[Recorded data]
*-*-*
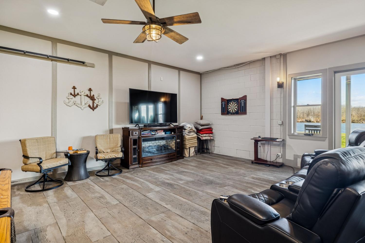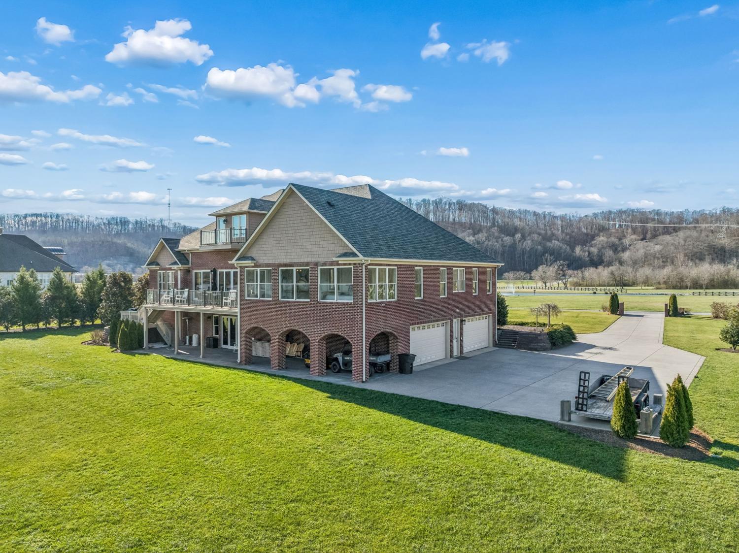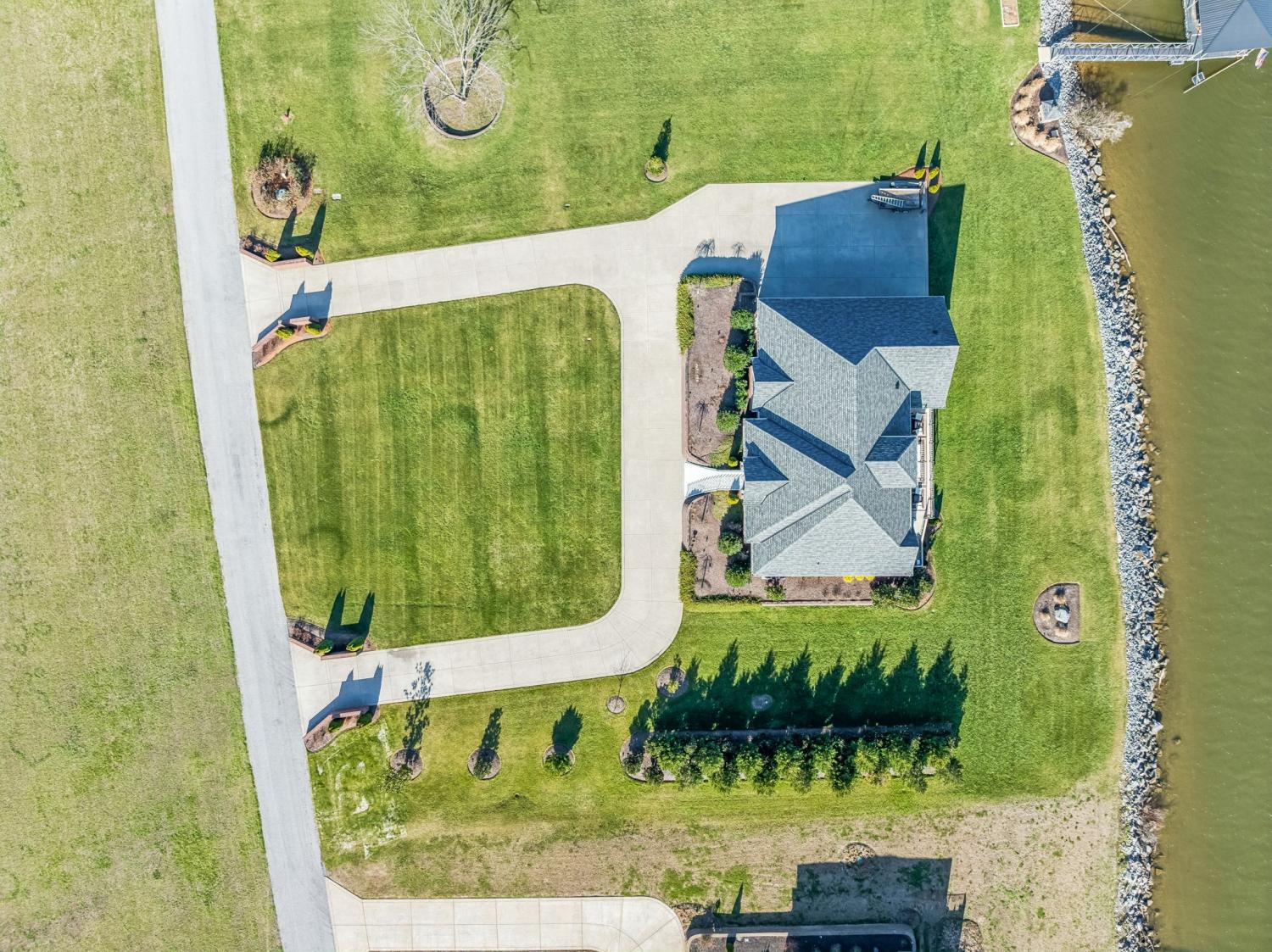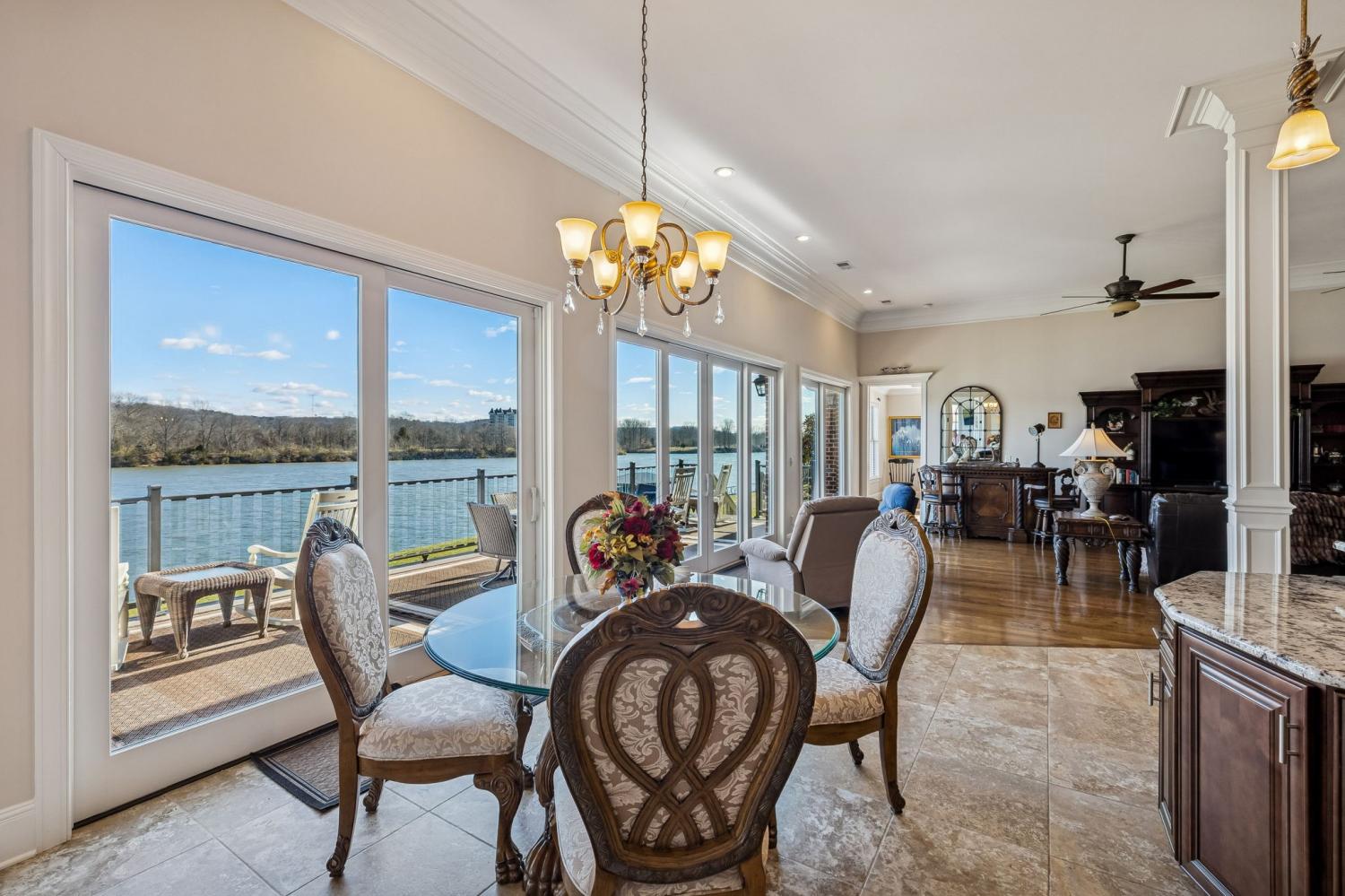 This exceptional custom riverfront estate offers timeless architecture, refined craftsmanship, & breathtaking water views from nearly every room. Set on a manicured lot w direct river access, the home features a stately brick & stone exterior, expansive patios & balconies, & a private covered dock perfect for boating, entertaining, or peaceful sunset evenings. The grand foyer welcomes you w arched double doors, gleaming hardwood floors, & elegant millwork throughout. The home seamlessly blends formal & casual living w a private office, elegant dining room, & an open-concept living area designed for both comfort & entertaining. The gourmet kitchen is a showpiece w custom cabinetry, premium appliances, oversized island, & intricate detailing, flowing effortlessly into the main living spaces. The primary suite is a true retreat, offering spa-inspired finishes, a luxurious bath, & a custom walk-in closet. Additional bedrooms & living areas provide ample space for family and guests. A dedicated fitness room, private elevator, & thoughtfully designed storage add both convenience & versatility. Designed to embrace the waterfront setting, the home’s sunroom w hot tub overlooks sweeping river views, creating a year-round oasis. Multiple outdoor living spaces, mature landscaping, and gently sloping grounds lead to the dock, making this property ideal for entertaining or quiet relaxation. Some of the other great features are a steel front door, Monogram kitchen appliances, Sub Zero Fridge, 8 person indoor jacuzzi, 4 person sauna, wood exterior ceilings, boat dock WITH LIFT, 8' interior doors, giant stocked pond with light/water fountain~4 BEDROOM SEPTIC~A rare opportunity to own a distinguished riverfront estate offering privacy, elegance, & unmatched views—this is luxury living at its finest and only 15 minutes from Briley Parkway and 25 minutes from Downtown Nashville and by BOAT only 15 minutes to my favorite BLUE MOON CAFE
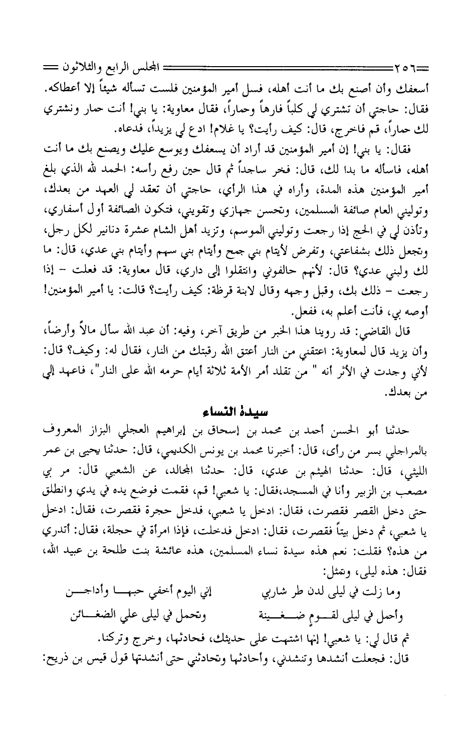حَدَّثَنَا أَبُو الْحَسَن أَحْمَد بْن مُحَمَّدِ بْنِ إِسْحَاقَ بْنِ إِبْرَاهِيمَ الْعِجْلِيُّ الْبَزَّازُ الْمَعْرُوفُ بِالْمَرَاجِلِيِّ بِسُرَّ مَنْ رَأَى، قَالَ: أَخْبَرَنَا مُحَمَّدُ بْنُ يُونُسَ الْكُدَيْمِيُّ، قَالَ: حَدَّثَنَا يَحْيَى بْنُ عُمَرَ اللَّيْثِيُّ، قَالَ: حَدَّثَنَا الْهَيْثَمُ بْنُ عَدِيٍّ، قَالَ: حَدَّثَنَا الْمُجَالِدُ، عَنِ الشَّعْبِيِّ قَالَ: مَرَّ بِي مُصْعَبُ بْنُ الزُّبَيْرِ وَأَنَا فِي الْمَسْجِدِ، فَقَالَ: يَا شَعْبِيُّ! قُمْ، فَقُمْتُ فَوَضَعَ يَدَهُ فِي يَدِي وَانْطَلَقَ حَتَّى دَخَلَ الْقَصْرَ فَقَصَّرْتُ، فَقَالَ: ادْخُلْ يَا شَعْبِيُّ، فَدَخَلَ حُجْرَةً فَقَصَّرْتُ، فَقَالَ: ادْخُلْ يَا شَعْبِيُّ، ثُمَّ دَخَلَ بَيْتًا فَقَصَّرْتُ، فَقَالَ: ادْخُلْ فَدَخَلْتُ، فَإِذَا امْرَأَةٌ فِي حَجَلَةٍ، فَقَالَ: أَتَدْرِي مَنْ هَذِهِ؟ فَقُلْتُ: نَعَمْ هَذِهِ سَيِّدَةُ نِسَاءِ الْمُسْلِمِينَ، هَذِهِ عَائِشَةُ بِنْتُ طَلْحَةَ بْنِ عُبَيْدِ اللَّهِ، فَقَالَ: هَذِهِ لَيْلَى، وتمثَّل:
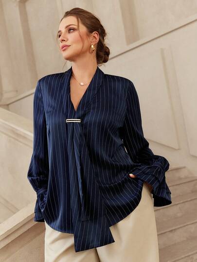 VOLUPTÉ CURVE 大码春夏条纹时尚简约优雅金属衬衫女式上衣 优雅女式衬衫 优雅女式上衣和衬衫 经典女式工作上衣 蓝色条纹商务衬衫 2026流行商务衬衫 毕业衬衫 高雅商务衬衫
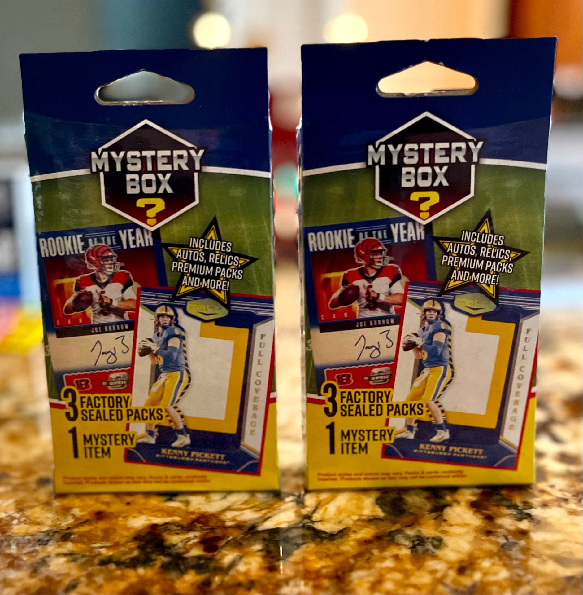 YOU ARE LOOKING AT THE 2022 MJ HOLDINGS CVS EXCLUSIVE FACTORY SEALED FOOTBALL MYSTERY HANGER BOX. EVERY BOX CONTAINS 3 FACTORY SEALED PACKS and 1 MYSTERY ITEM. LOOK FOR RANDOMLY INSERTED AUTOS, RELICS, PREMIUM PACKS and MORE! THESE BOXES WERE PURCHASED AT CVS AND ARE ALL FACTORY SEALED & UNWEIGHED. ALL BOXES ARE IN NM/MT CONDITION. ALL ITEMS COME FROM A SMOKE FREE/PET FREE HOME! PLEASE TAKE A LOOK AT MY OTHER ITEMS THAT I HAVE LISTED! THANKS FOR LOOKING AND GOOD LUCK! *Listing is for 1 MYSTERY PACK* 4 available, will consider working a deal for all 4 bought together. Message me with any questions!! Much Love and God Bless!
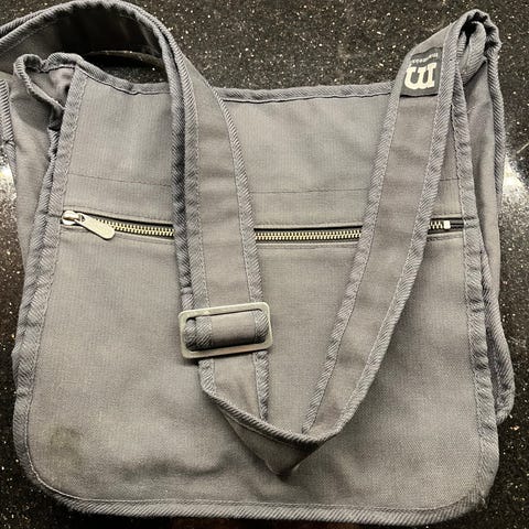 Ulkoreunoissa pikku taskut, sisällä kaksi vetoketjutaskua ja kaksi pientä lokeroa.
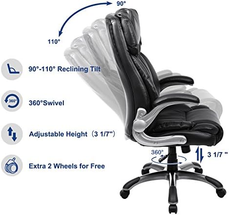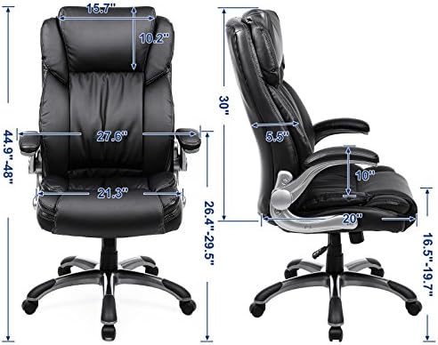 MULTIPLE ADJUSTMENTS: Flip-Up armrests can be fully folded upwards for convenient uses and are saving space to put under the desk; ergonomic chair seat back reclines to 90-110 degree position and rocks to your weight; adjustable height of the seat is 16 1/2”- 19 5/8” making it perfect for most of people
*-*-*
■ What is needed ■
Restate the records above in full, word for word. Keep pictures out.

■ Result of this task ■
 This exceptional custom riverfront estate offers timeless architecture, refined craftsmanship, & breathtaking water views from nearly every room. Set on a manicured lot w direct river access, the home features a stately brick & stone exterior, expansive patios & balconies, & a private covered dock perfect for boating, entertaining, or peaceful sunset evenings. The grand foyer welcomes you w arched double doors, gleaming hardwood floors, & elegant millwork throughout. The home seamlessly blends formal & casual living w a private office, elegant dining room, & an open-concept living area designed for both comfort & entertaining. The gourmet kitchen is a showpiece w custom cabinetry, premium appliances, oversized island, & intricate detailing, flowing effortlessly into the main living spaces. The primary suite is a true retreat, offering spa-inspired finishes, a luxurious bath, & a custom walk-in closet. Additional bedrooms & living areas provide ample space for family and guests. A dedicated fitness room, private elevator, & thoughtfully designed storage add both convenience & versatility. Designed to embrace the waterfront setting, the home’s sunroom w hot tub overlooks sweeping river views, creating a year-round oasis. Multiple outdoor living spaces, mature landscaping, and gently sloping grounds lead to the dock, making this property ideal for entertaining or quiet relaxation. Some of the other great features are a steel front door, Monogram kitchen appliances, Sub Zero Fridge, 8 person indoor jacuzzi, 4 person sauna, wood exterior ceilings, boat dock WITH LIFT, 8' interior doors, giant stocked pond with light/water fountain~4 BEDROOM SEPTIC~A rare opportunity to own a distinguished riverfront estate offering privacy, elegance, & unmatched views—this is luxury living at its finest and only 15 minutes from Briley Parkway and 25 minutes from Downtown Nashville and by BOAT only 15 minutes to my favorite BLUE MOON CAFE
حَدَّثَنَا أَبُو الْحَسَن أَحْمَد بْن مُحَمَّدِ بْنِ إِسْحَاقَ بْنِ إِبْرَاهِيمَ الْعِجْلِيُّ الْبَزَّازُ الْمَعْرُوفُ بِالْمَرَاجِلِيِّ بِسُرَّ مَنْ رَأَى، قَالَ: أَخْبَرَنَا مُحَمَّدُ بْنُ يُونُسَ الْكُدَيْمِيُّ، قَالَ: حَدَّثَنَا يَحْيَى بْنُ عُمَرَ اللَّيْثِيُّ، قَالَ: حَدَّثَنَا الْهَيْثَمُ بْنُ عَدِيٍّ، قَالَ: حَدَّثَنَا الْمُجَالِدُ، عَنِ الشَّعْبِيِّ قَالَ: مَرَّ بِي مُصْعَبُ بْنُ الزُّبَيْرِ وَأَنَا فِي الْمَسْجِدِ، فَقَالَ: يَا شَعْبِيُّ! قُمْ، فَقُمْتُ فَوَضَعَ يَدَهُ فِي يَدِي وَانْطَلَقَ حَتَّى دَخَلَ الْقَصْرَ فَقَصَّرْتُ، فَقَالَ: ادْخُلْ يَا شَعْبِيُّ، فَدَخَلَ حُجْرَةً فَقَصَّرْتُ، فَقَالَ: ادْخُلْ يَا شَعْبِيُّ، ثُمَّ دَخَلَ بَيْتًا فَقَصَّرْتُ، فَقَالَ: ادْخُلْ فَدَخَلْتُ، فَإِذَا امْرَأَةٌ فِي حَجَلَةٍ، فَقَالَ: أَتَدْرِي مَنْ هَذِهِ؟ فَقُلْتُ: نَعَمْ هَذِهِ سَيِّدَةُ نِسَاءِ الْمُسْلِمِينَ، هَذِهِ عَائِشَةُ بِنْتُ طَلْحَةَ بْنِ عُبَيْدِ اللَّهِ، فَقَالَ: هَذِهِ لَيْلَى، وتمثَّل:
 VOLUPTÉ CURVE 大码春夏条纹时尚简约优雅金属衬衫女式上衣 优雅女式衬衫 优雅女式上衣和衬衫 经典女式工作上衣 蓝色条纹商务衬衫 2026流行商务衬衫 毕业衬衫 高雅商务衬衫
 YOU ARE LOOKING AT THE 2022 MJ HOLDINGS CVS EXCLUSIVE FACTORY SEALED FOOTBALL MYSTERY HANGER BOX. EVERY BOX CONTAINS 3 FACTORY SEALED PACKS and 1 MYSTERY ITEM. LOOK FOR RANDOMLY INSERTED AUTOS, RELICS, PREMIUM PACKS and MORE! THESE BOXES WERE PURCHASED AT CVS AND ARE ALL FACTORY SEALED & UNWEIGHED. ALL BOXES ARE IN NM/MT CONDITION. ALL ITEMS COME FROM A SMOKE FREE/PET FREE HOME! PLEASE TAKE A LOOK AT MY OTHER ITEMS THAT I HAVE LISTED! THANKS FOR LOOKING AND GOOD LUCK! *Listing is for 1 MYSTERY PACK* 4 available, will consider working a deal for all 4 bought together. Message me with any questions!! Much Love and God Bless!
 Ulkoreunoissa pikku taskut, sisällä kaksi vetoketjutaskua ja kaksi pientä lokeroa.
 MULTIPLE ADJUSTMENTS: Flip-Up armrests can be fully folded upwards for convenient uses and are saving space to put under the desk; ergonomic chair seat back reclines to 90-110 degree position and rocks to your weight; adjustable height of the seat is 16 1/2”- 19 5/8” making it perfect for most of people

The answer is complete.